Stored data:
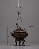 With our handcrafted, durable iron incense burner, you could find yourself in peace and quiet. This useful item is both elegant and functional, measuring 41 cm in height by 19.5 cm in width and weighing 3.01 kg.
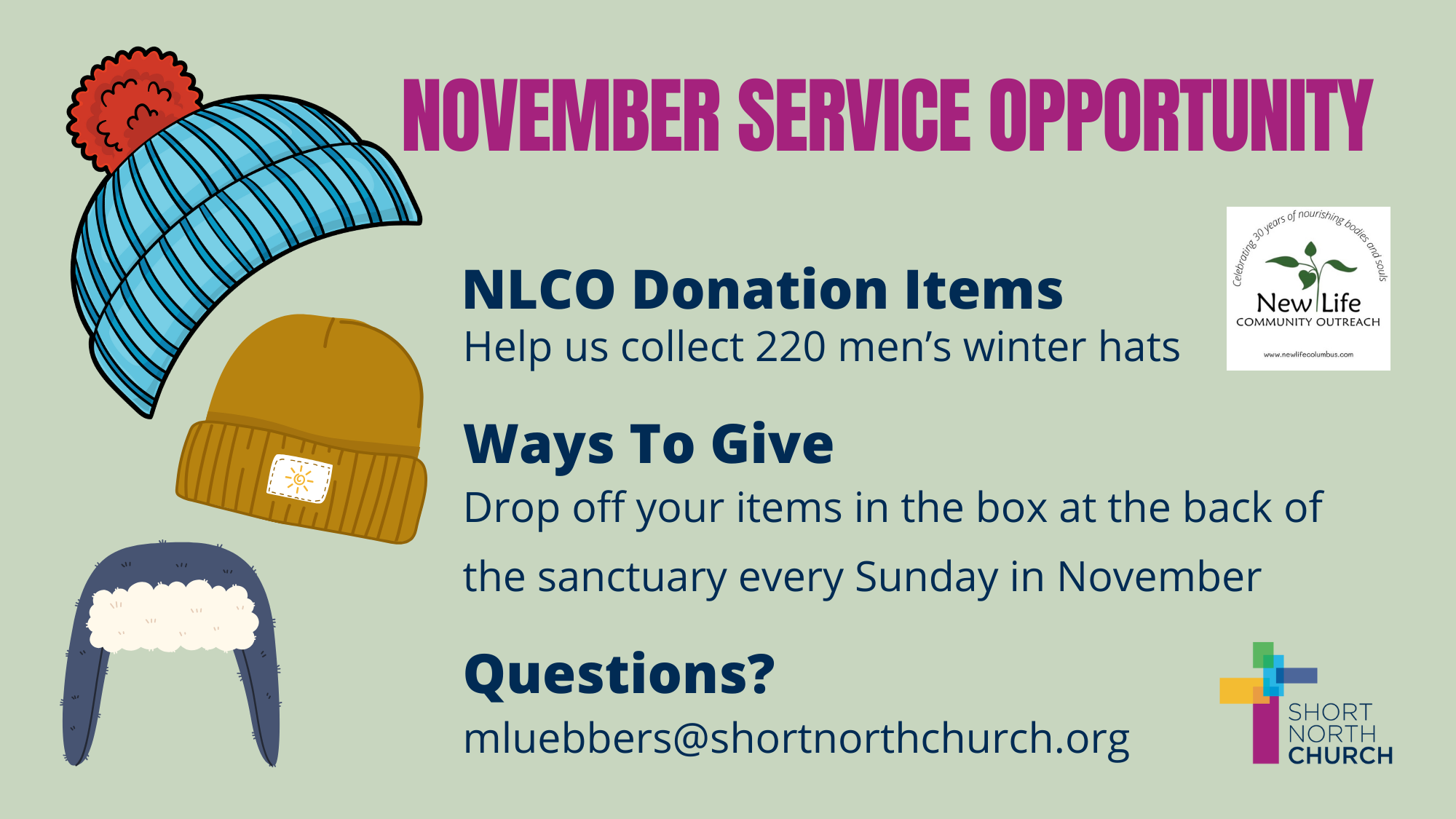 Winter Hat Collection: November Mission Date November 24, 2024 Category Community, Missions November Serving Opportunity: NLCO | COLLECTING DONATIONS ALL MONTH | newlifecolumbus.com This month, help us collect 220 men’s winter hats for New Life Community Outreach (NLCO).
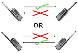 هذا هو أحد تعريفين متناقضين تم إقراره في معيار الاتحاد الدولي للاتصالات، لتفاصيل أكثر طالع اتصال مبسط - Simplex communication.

What to work on: Everything in the listing above must be restated word for word, except the images.

Solution:
 With our handcrafted, durable iron incense burner, you could find yourself in peace and quiet. This useful item is both elegant and functional, measuring 41 cm in height by 19.5 cm in width and weighing 3.01 kg.
 Winter Hat Collection: November Mission Date November 24, 2024 Category Community, Missions November Serving Opportunity: NLCO | COLLECTING DONATIONS ALL MONTH | newlifecolumbus.com This month, help us collect 220 men’s winter hats for New Life Community Outreach (NLCO).
 هذا هو أحد تعريفين متناقضين تم إقراره في معيار الاتحاد الدولي للاتصالات، لتفاصيل أكثر طالع اتصال مبسط - Simplex communication.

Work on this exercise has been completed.